WHAT TO WORK ON:
Transcribe exactly the lines from the one containing "빵집에 들어서니 여러" through the end of the data, both included. Leave out pictures.
START SUPPLIED INFORMATION
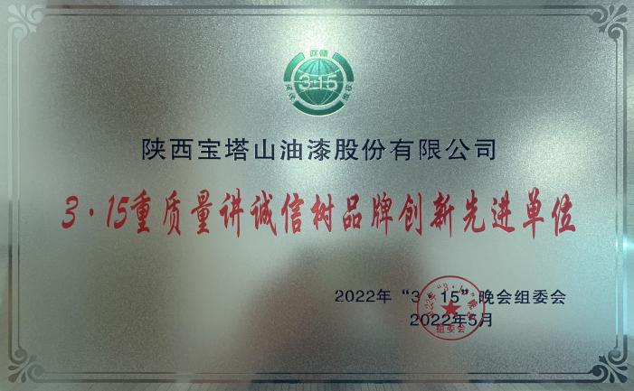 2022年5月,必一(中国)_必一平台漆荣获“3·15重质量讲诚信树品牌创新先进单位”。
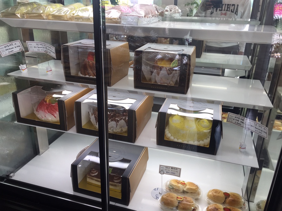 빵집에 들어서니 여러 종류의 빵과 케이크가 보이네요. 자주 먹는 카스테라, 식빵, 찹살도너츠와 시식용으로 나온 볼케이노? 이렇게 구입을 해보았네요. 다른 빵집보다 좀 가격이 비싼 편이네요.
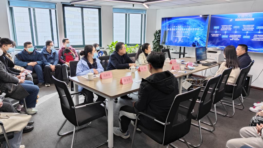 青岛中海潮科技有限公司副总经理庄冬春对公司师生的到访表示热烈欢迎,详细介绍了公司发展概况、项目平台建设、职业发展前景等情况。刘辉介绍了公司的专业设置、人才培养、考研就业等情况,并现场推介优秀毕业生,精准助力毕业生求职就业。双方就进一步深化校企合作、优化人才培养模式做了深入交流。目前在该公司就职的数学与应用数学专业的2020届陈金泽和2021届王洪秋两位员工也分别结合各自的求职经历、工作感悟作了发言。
END SUPPLIED INFORMATION
RESULT FOR THIS TASK:
 빵집에 들어서니 여러 종류의 빵과 케이크가 보이네요. 자주 먹는 카스테라, 식빵, 찹살도너츠와 시식용으로 나온 볼케이노? 이렇게 구입을 해보았네요. 다른 빵집보다 좀 가격이 비싼 편이네요.
 青岛中海潮科技有限公司副总经理庄冬春对公司师生的到访表示热烈欢迎,详细介绍了公司发展概况、项目平台建设、职业发展前景等情况。刘辉介绍了公司的专业设置、人才培养、考研就业等情况,并现场推介优秀毕业生,精准助力毕业生求职就业。双方就进一步深化校企合作、优化人才培养模式做了深入交流。目前在该公司就职的数学与应用数学专业的2020届陈金泽和2021届王洪秋两位员工也分别结合各自的求职经历、工作感悟作了发言。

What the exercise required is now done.